Representing MEC server b _j Is a CPU frequency of (2); />

Indicating priority as pri _i MEC offload task Q _i ^E Is used for the average queuing delay.

2. The method for scheduling satellite elastic internet resources according to claim 1, wherein the step of establishing a delay-sensitive satellite elastic internet architecture based on the LEO satellite and the many-to-many mode of the user terminal comprises:

3. The method for scheduling satellite elastic internet resources according to claim 1, wherein the step of establishing a minimum delay optimization model according to the satellite elastic internet resource scheduling model comprises:

calculating the task processing average time delay of each time interval in a preset time range according to the satellite elastic Internet resource scheduling model;

averaging the task processing average time delays of all the time slots to obtain the task processing average time delay of a preset time range;

in the formula ,

and />

/>

Indicating the user end u in the time slot t _i Offloading tasks to MEC server b _j Is used for the transmission energy consumption of the (a); t represents the total number of time slots; e (E) _i Representing user end u _i An upper transmission energy consumption limit of (2); />

Representing MEC server b _j At the time ofThe gap t is allocated to the user terminal u _i Task Q of (2) _i Is a ratio of the calculated resources.

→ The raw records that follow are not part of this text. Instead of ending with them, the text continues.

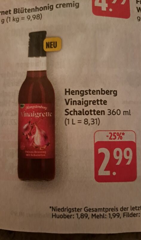 Und schon wieder könnt ihr durch den Guru könnt ihr beim Kauf von Hengstenberg Vinaigrette sparen.👍Diesmal aber nur 1,00 €.
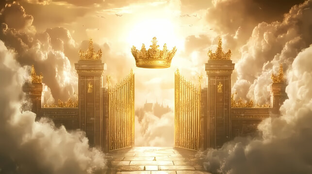 Eternal life: the crown and golden gates - imagine a crown and golden gates, symbolizing the promise of eternal life in heaven. Eternal. Illustration
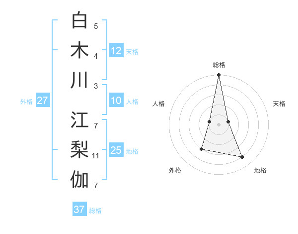 白木川 江梨伽さんを姓名の画数から五運を鑑定
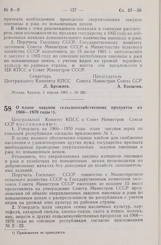 Постановление Центрального Комитета КПСС и Совета Министров СССР. О плане закупок сельскохозяйственных продуктов на 1966—1970 годы. 1 апреля 1965 г. № 264
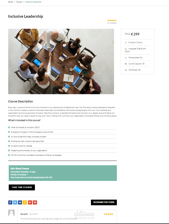 منصة إلكترونية متعددة اللغات (الإنجليزية , الهولندية )تقدم مجموعة من الدورات التعليمية فيما يخص سوق العمل وبيئة العمل ودعم النساء العاملات بما في ذلك إمكانية الالتحاق بالدورة اونلاين وتقديم رسوم الاشتراك إلكترونيا بالإضافة إلى المقالات العديدة الخاصة بسوق وبيئة العمل .
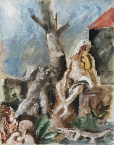 Trois figures et un crocodile
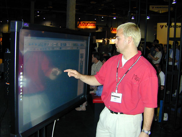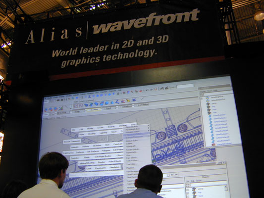 Alias|Wavefront had a lot to show at its booth. Adapting technology from their unique "Paint Effects" into 2D, Alias|Wavefront announced a Paint Effects plug-in for Adobe After Effects and Maya Fusion. While the plug-in obviously couldn't do everything that 3D paint effects on 3D NURBS curves could do, they seemed to support animation and to offer some unique creative possibilities. They were demoing Paint Effects in a "Finger Paint" arrangement, on an interactive touch-screen.
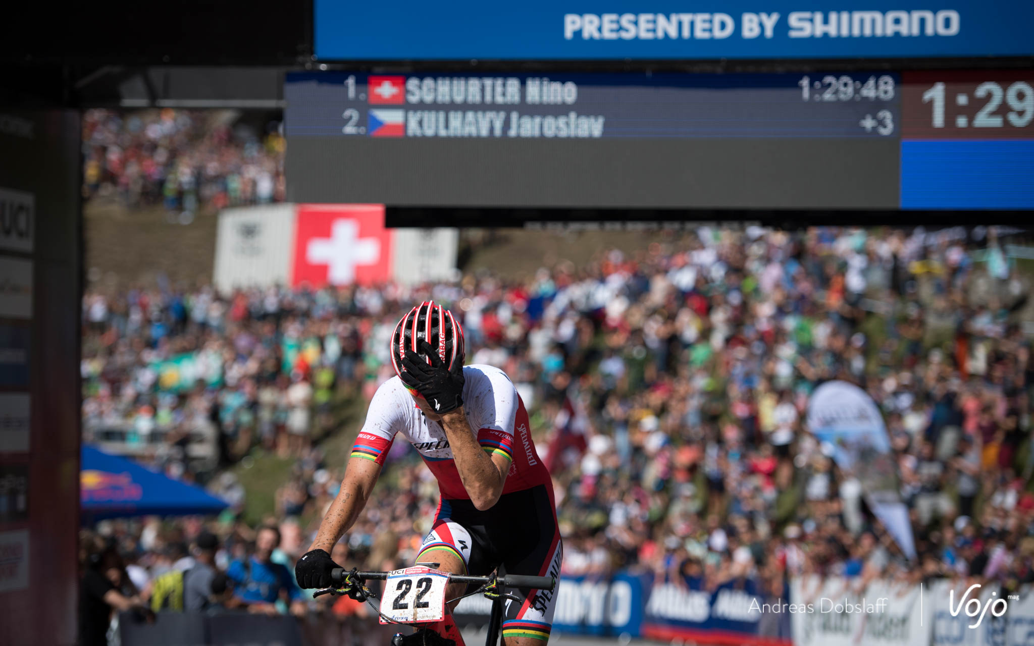 … Nino Schurter pense pouvoir gérer sur les racines glissantes. Dans les derniers hectomètres, il se retourne, ne voit personne, mais les spectateurs perçoivent la menace : Kulhavy est juste derrière et si le Suisse ne le voit pas ce n’est qu’un effet d’optique.
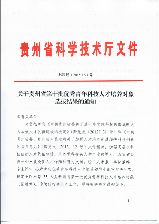 关于贵州省第十批优秀青年科技人才培养对象选拔结果的通知
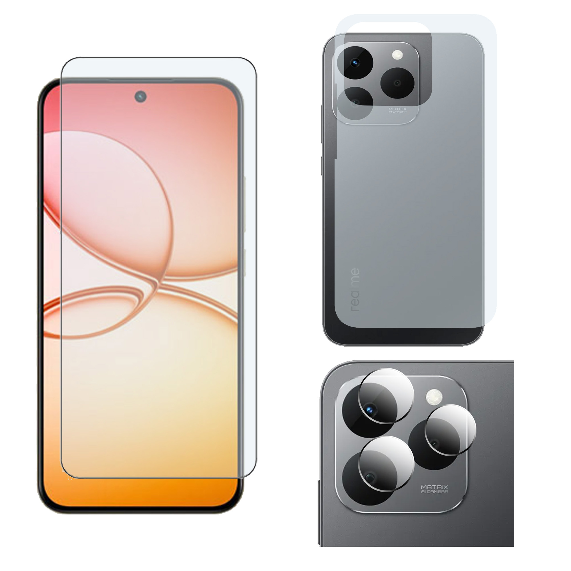 | Items in Box | 1 x Gorilla Glass + 1 x Back Matte + 1 x Camera Protectors For Realme 15T |
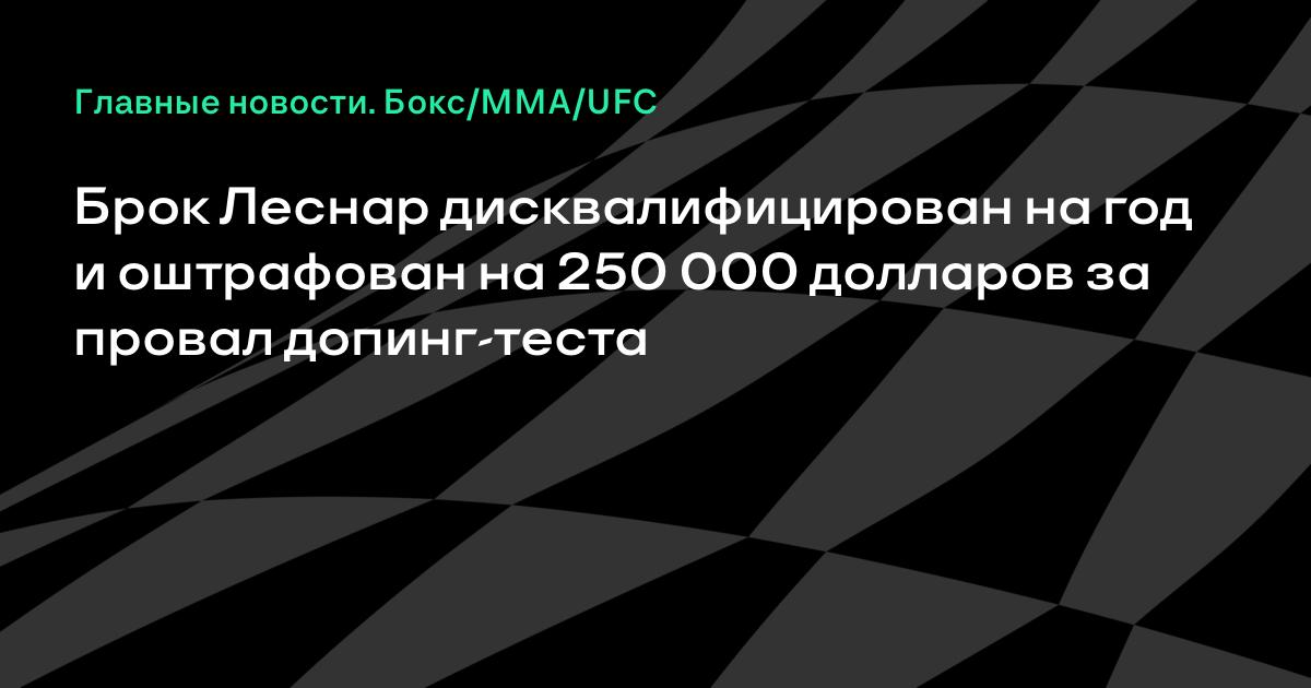 Бывший чемпион UFC Брок Леснар дисквалифицирован Атлетической комиссией штата Невада на год и оштрафован на 250 000 долларов за провал допинг-теста после турнира UFC 200, который прошел летом этого года.
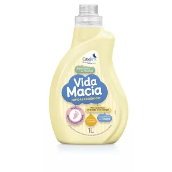 KIT LAVA ROUPINHAS DE BEBÊ VIDA MACIA CONTENDO 03 ÍTENS : 1 LAVA ROUPAS DE BEBE VIDA MACIA DE 01 L 01 AMACIANTE VIDA MACIA DE 1 L E 1 TIRA MANCHAS HIPOALERGÊNICO VIDA MACIA DE 500 ML. Sua formulação balanceada é menos agressiva aos tecidos, deixando um perfume suave e as cores vivas. Para um tratamento completo nas roupinhas dos bebês, recomenda-se o uso do lava-roupas vida macia e do tira-manchas vida macia. Hipoalergênico: fórmula menos agressiva. Limpa sem agredir as roupas. Reaviva as cores. Testado dermatologicamente. Perfume suave. Tampa dosadora. Casa Km

4. The satellite elastic internet resource scheduling method of claim 3, wherein the step of converting the minimized delay optimization model into a corresponding markov decision model comprises:

representing an unloading strategy of a user side;

a(t)＝κ(t)

where r (t) represents the Agent action rewards for time slot t.

5. The method for scheduling satellite elastic internet resources according to claim 1, wherein the step of solving a markov decision model to obtain a resource scheduling policy comprises:

6. A satellite-resilient internet resource scheduling system, the system comprising:

the first modeling module is used for establishing a satellite elastic Internet resource scheduling model according to the time delay sensitive satellite elastic Internet architecture; the satellite elastic Internet resource scheduling model comprises a communication model, a task model and a calculation model; the computing model comprises a local off-load task computing model and an MEC off-load task computing model;

the strategy solving module is used for solving the Markov decision model to obtain a resource scheduling strategy;

the establishing a satellite elastic internet resource scheduling model according to the time delay sensitive satellite elastic internet architecture comprises the following steps:

in the formula ,

wherein ,

and />

Respectively representing a user side set and an MEC server set; />

Q _i (t)＝{ω _i (t),z _i (t),pri _i (t)}

wherein ,Q_i (t) represents the user terminal u in the time slot t _i A generated task; omega _i (t) represents task Q _i (t) the amount of calculation required; z _i (t) represents task Q _i The data size of (t); pri (pri) _i (t) represents the task Q _i (t) priority, and pri _i (t)∈[1,2,…,PN]PN represents the number of priorities;

wherein ,

and />

the MEC off-load task calculation model is expressed as:

wherein ,

Representing MEC server b _j Is a CPU frequency of (2); />

7. A computer device comprising a memory, a processor and a computer program stored on the memory and executable on the processor, characterized in that the processor implements the steps of the method of any of claims 1 to 5 when the computer program is executed.

8. A computer readable storage medium, on which a computer program is stored, characterized in that the computer program, when being executed by a processor, implements the steps of the method of any of claims 1 to 5.